[RFC PATCH 0/3] Allow sk_lookup UDP return traffic to egress.

From: Tiago Lam
Date: Fri Sep 13 2024 - 05:40:45 EST


Currently, sk_lookup allows an ebpf program to run on the ingress socket
lookup path, and accept traffic not only on a range of addresses, but
also on a range of ports. At Cloudflare we use sk_lookup for two main
cases:
1. Sharing a single port between multiple services - i.e. two services
(or more) use disjoint IP ranges but share the same port;
2. Receiving traffic on all ports - i.e. a service which accepts traffic
on specific IP ranges but any port [1].

However, one main challenge we face while using sk_lookup for these use
cases is how to source return UDP traffic:
- On point 1. above, sometimes this range of addresses are not local
(i.e. there's no local routes for these in the server), which means we
need IP_TRANSPARENT set to be able to egress traffic from addresses
we've received traffic on (or simply IP_FREEBIND in the case of IPv6);
- And on point 2. above, allowing traffic to a range of ports means a
service could get traffic on multiple ports, but currently there's no
way to set the source UDP port egress traffic should be sourced from -
it's possible to receive the original destination port using the
IP_ORIGDSTADDR ancilliary message in recvmsg, but not set it in
sendmsg.

Both of these limitations can be worked around, but in a sub-optimal
way. Using IP_TRANSPARENT, for instance, requires special privileges.
And while one could use UDP connected sockets to send return traffic,
creating a connected socket for each different address a UDP traffic is
received on does have performance implications.

Given sk_lookup allows services to accept traffic on a range of
addresses or ports, it seems sensible to also allow return traffic to
proceed through as well, without needing extra configurations / set ups.

This patch set allows to do exactly this by performing a reverse socket
lookup on the egress path - where it looks to see if the egress socket
matches a socket in the attached sk_lookup ebpf program for the traffic
that's being sent. If it does, traffic is allowed to proceed.

The downsides to this is that this runs on the egress hot path, although
this work tries to minimise its impact by only performing the reverse
socket lookup when necessary.

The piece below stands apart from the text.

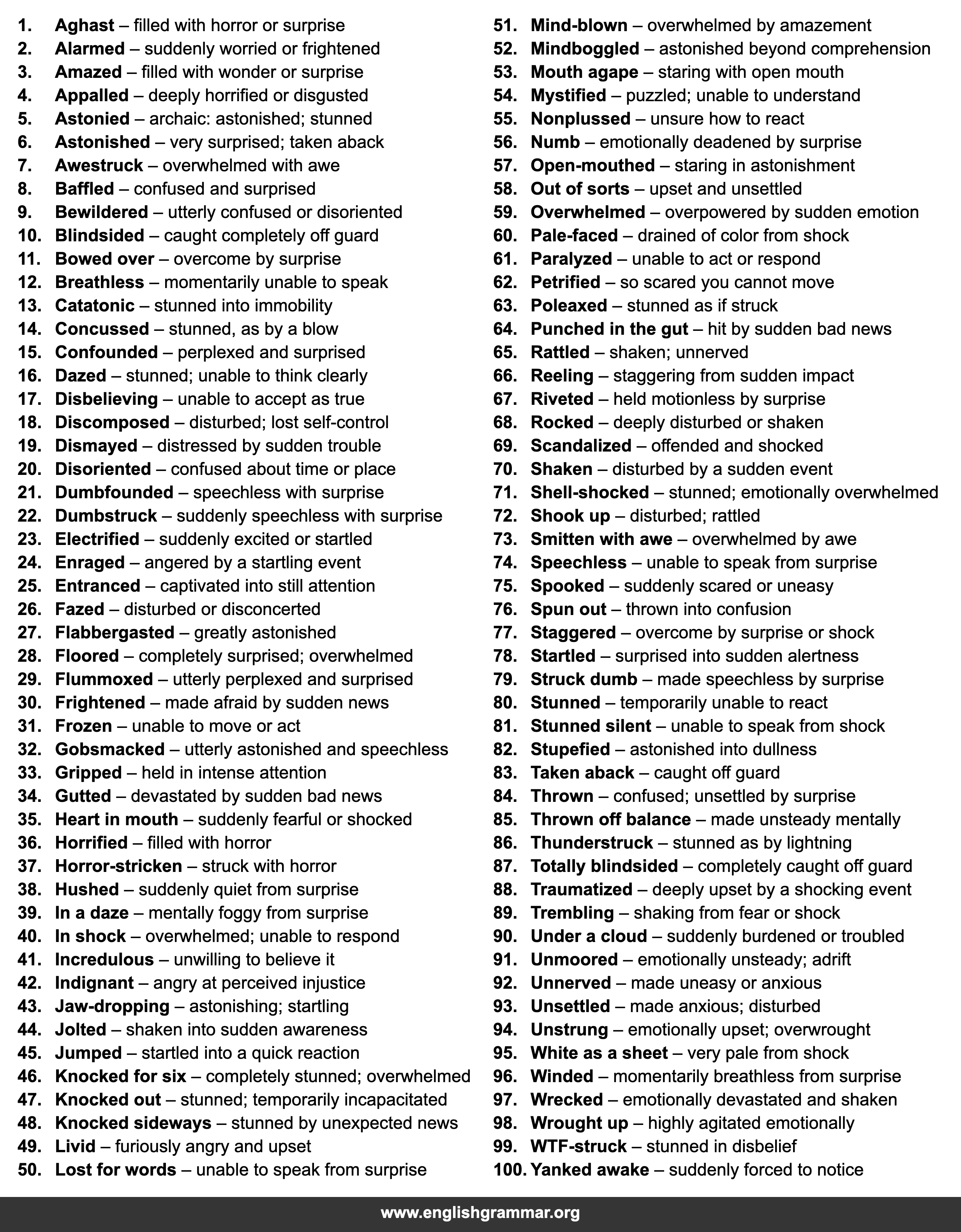 | 21. | Dumbfounded | speechless with surprise |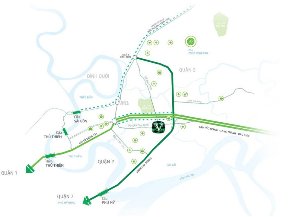 The Venica nằm ngay mặt tiền đường Đỗ Xuân Hợp, cách các trục giao thông chính như cao tốc TP.HCM – Long Thành – Dầu Giây chỉ vài phút di chuyển. Điều này giúp cư dân có thể dễ dàng kết nối với trung tâm thành phố và các tỉnh lân cận. Không chỉ vậy, vị trí này còn tạo ra không gian sống yên tĩnh, mang lại cảm giác trong lành.

Further performance measurements are to be
taken, but we're reaching out early for feedback to see what the
technical concerns are and if we can address them.

[1] https://blog.cloudflare.com/how-we-built-spectrum/

Suggested-by: Jakub Sitnicki <jakub@xxxxxxxxxxxxxx>
Signed-off-by: Tiago Lam <tiagolam@xxxxxxxxxxxxxx>
---
Tiago Lam (3):
ipv4: Run a reverse sk_lookup on sendmsg.
ipv6: Run a reverse sk_lookup on sendmsg.
bpf: Add sk_lookup test to use ORIGDSTADDR cmsg.

include/net/ip.h | 1 +
net/ipv4/ip_sockglue.c | 11 ++++
net/ipv4/udp.c | 33 +++++++++-
net/ipv6/datagram.c | 76 ++++++++++++++++++++++
net/ipv6/udp.c | 8 ++-
tools/testing/selftests/bpf/prog_tests/sk_lookup.c | 70 +++++++++++++-------
6 files changed, 174 insertions(+), 25 deletions(-)
---
base-commit: da3ea35007d0af457a0afc87e84fddaebc4e0b63
change-id: 20240909-reverse-sk-lookup-f7bf36292bc4

Best regards,
--
Tiago Lam <tiagolam@xxxxxxxxxxxxxx>